На следующий день Аль-Серрас ничего не помнил. Ни следа похмелья — он выглядел свежее, чем на концерте у королевы. Пожал мне руку и указал на низкое кресло. По его просьбе я пришел с виолончелью в гостиную Страдивари — апартаменты XVIII века в северо-западной части дворца, где хранились ценные музыкальные инструменты: гитары и арфы; странная пара вертикальных пианино, похожих на книжные полки; скрипки Страдивари, альт и виолончель. Однажды граф провел меня через эту комнату, но меня никогда не приглашали побыть в ней. Аль-Серрас же чувствовал себя здесь как дома, несмотря на то что в дверях стоял, не спуская с нас глаз, стражник.
Он, должно быть, заметил мое смятение на фоне своей беспечностей, наклонившись ко мне, сказал:
— Преимущество быть не связанным обстоятельствами выражается в том, что тебе комфортно в любой обстановке.
— У вас как-то все легко.
— Ты прав. А принцип прост — не ввязывайся ни во что, ни под чем не подписывайся, не принимай ничего, кроме разве что поцелуя. Иногда поцелуй стоит этого.

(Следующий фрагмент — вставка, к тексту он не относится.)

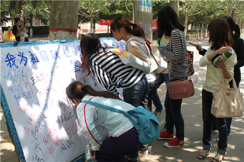 5月13号中午12时,文法学系团委组织部在龙湖食府前举行了“我为祖国献祝福暨庆祝建党九十周年”爱国签名活动。
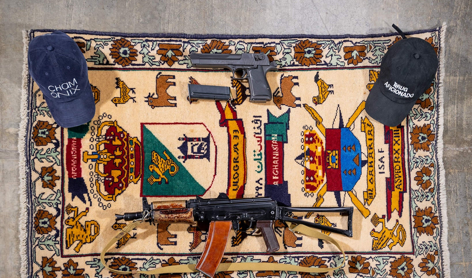 Don't be misled - they're not claiming that AKs are made in Afghanistan, they're talking about the rugs, hence the date of weaving '2023' also indicated... These are a simple design fit for any AK nerd's cave.
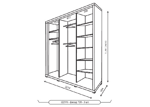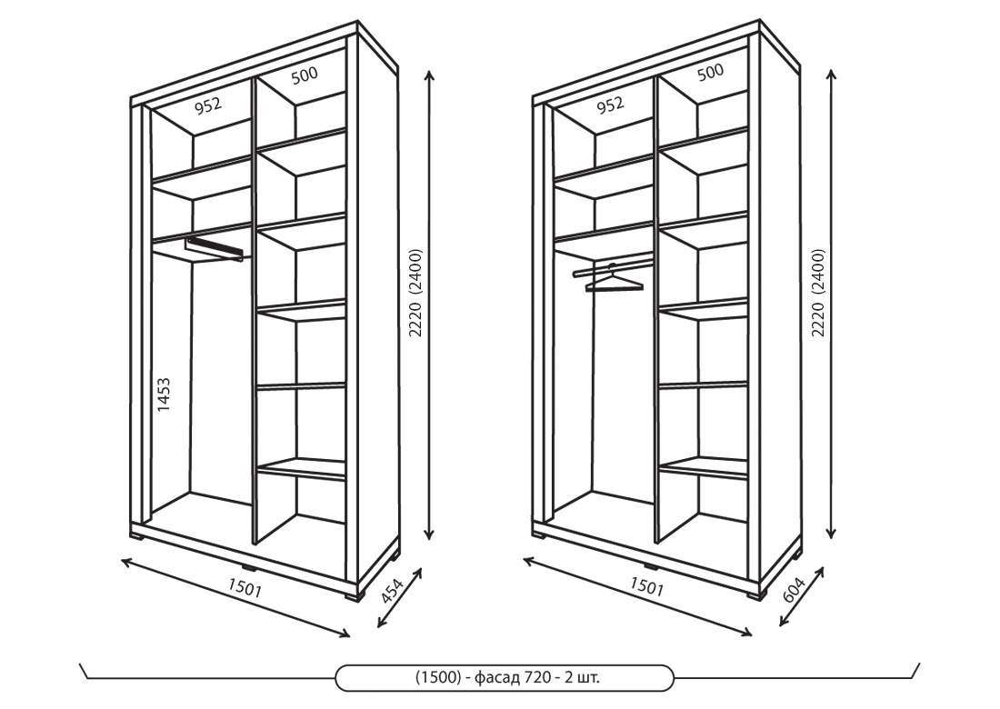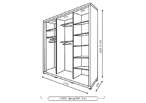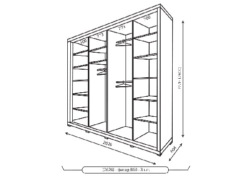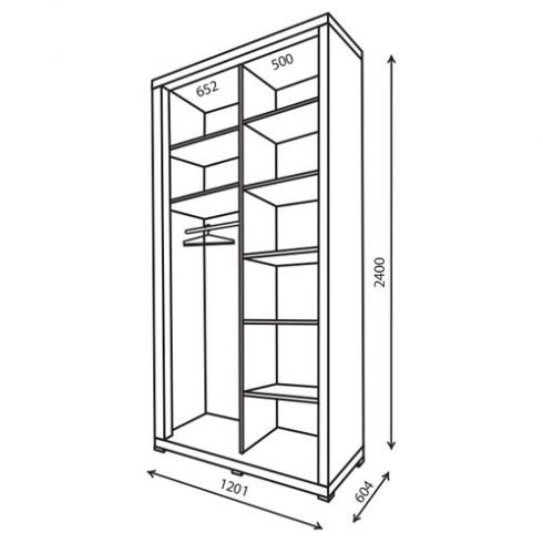 Корпус шафи виготовлений з ДСП товщиною 16 мм + 50 мм потовщення. Кромка ПВХ 1мм REHAU (Німеччина) Наповнення шафи-купе в білому кольорі (ДСП біле, ДВП біле). Зібраний на кріпленні конфирмат. Шафа-купе глибиною 450 комплектується висувною вішалкою (мікроліфт). Шафа-купе глибиною 600 комплектується штангою. Додаткові опції (на вибір): висувні ящики, стопора, затиск для щітки розсувної системи.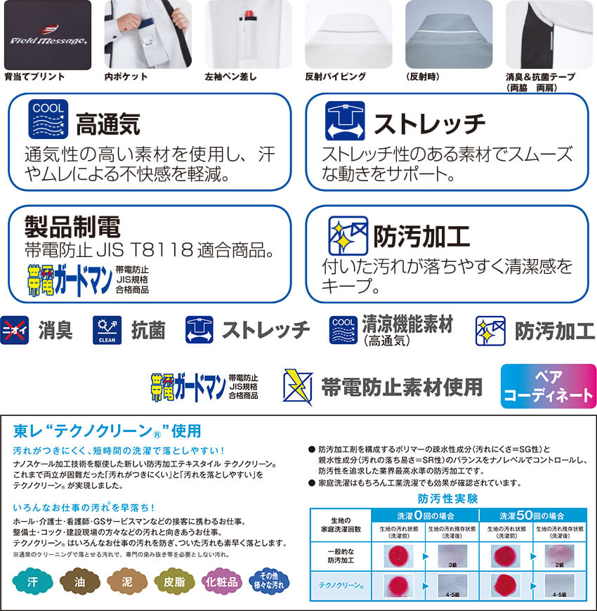 | 製品制電のワークウェアです。 カラー豊富で男女兼用シリーズだからユニフォームにも最適! 東レ【テクノクリーン】使用 ・汚れがつきにくく、短時間の洗濯で落としやすい! ナノスケール加工技術を駆使した新しい防汚加工テキスタイル テクノクリーン これまで両立が困難だった「汚れがつきにくい」と「汚れを落としやすい」をテクノクリーンが実現しました。 ・いろんなお仕事の汚れを早落ち! ホール・介護士・看護師・GSサービスマンなどの接客に携わるお仕事。 整備士・コック・建設現場の方々などの汚れと向き合うお仕事。 的のクリーンはいろんなお仕事の汚れを防ぎ、ついた汚れも素早く落とします。※通常のクリーニングで落とせる汚れで、専門の染み抜きなどを必要としない汚れ。 |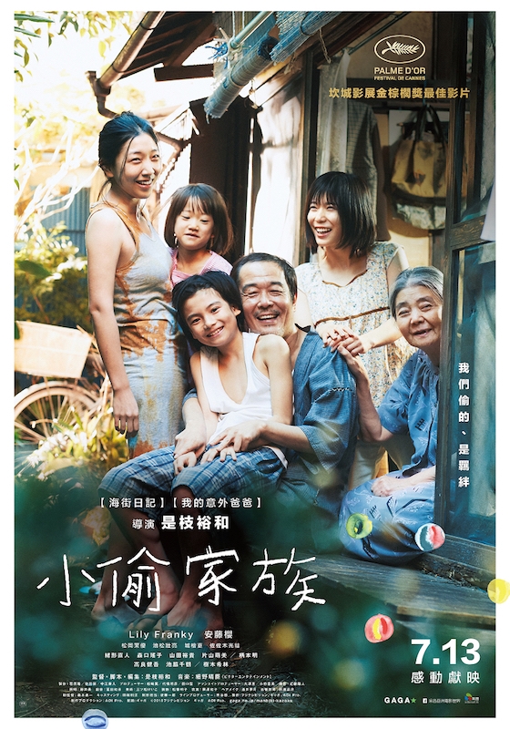 這部榮獲坎城影展最佳影片「金棕櫚獎」肯定,並蟬聯日本雙週票房冠軍的《小偷家族》,劇情描述在東京下町林立的高樓大廈之間,不合時宜地殘存一個破舊平房,裡面住著年邁的母親初枝(樹木希林飾演)、治(Lily Franky飾演)與信代(安藤櫻飾演)夫婦,以及他們的兒子祥太(城檜吏飾演),還有信代的妹妹亞紀(松岡茉優飾演)。這家人仰賴初枝的老人年金過活,當年金不夠用時,就會靠在外頭順手牽羊來補貼家用。雖然他們處在社會底層,但每天依然快樂地過生活。某個冬天,治帶回一位在附近公寓被凍僵的少女百合(佐佐木美優飾演),加入他們原本就貧困潦倒的家庭。以此事件為契機,這個原本融洽的家庭,逐漸四分五裂,彼此心中隱藏的秘密與願望也逐漸明朗…

— Он подмигнул мне, затем показал на виолончель и попросил сыграть.
— Уже лучше, — сказал он с доброжелательной улыбкой. — Вчера было тяжело слушать. Возможно, я был отвлечен всей этой мишурой. Или храп короля мешал мне. А уж эта лопнувшая струна! Никогда не забуду.
Он сел за рояль и начал играть испанскую пьесу — беспорядочные, но мелодичные аккорды — народный арагонский танец.
— Ты можешь импровизировать? Просто найди мелодию. Просто играй и наслаждайся ею. Не думай о том, чему тебя учили.
Играть с ним было легко, ничего похожего на наш дуэт с Исабель. Что это доказывало — наше единогласие или его исключительную чувствительность, — определить я не мог.
— Прекрасно, — сказал он в конце, и я поймал себя на том, что улыбаюсь при виде того, как загнутые вверх кончики его усов трутся о красные щеки. — Теперь твой выбор. Играй что хочешь, а я буду подыгрывать.
Наконец он сказал:
— Трудно найти хорошего виолончелиста, уникального еще труднее. Ты… тебе есть шестнадцать?
— Семнадцать в декабре.
— Когда ты насытишься Мадридом, года через четыре или пять, приезжай повидаться ко мне в Париж.
Четыре года? Этого хватит, чтобы он снова забыл мое имя? Он и сам еще достаточно молод, будущее через четыре года ему должно казаться довольно далеким. Лучше бы он исчез из дворца и я бы помнил его пьяным с плевком на ботинке, моим должником за выпивку. Он же оставляет вместо себя божественные звуки своей игры: точно звон бронзовых колоколов, взрывающийся аккордами падающей воды.
Несостоявшийся дуэт с Исабель не сказался на денежном содержании, которое я получал от королевы-матери, но она почти потеряла интерес ко мне. И граф, похоже, изменил ко мне отношение. Может, Исабель рассказала ему кое-что, а может, у него самого возникли подозрения. Или он был просто зол на меня за то, что я его подвел. В любом случае он собирался меня наказать.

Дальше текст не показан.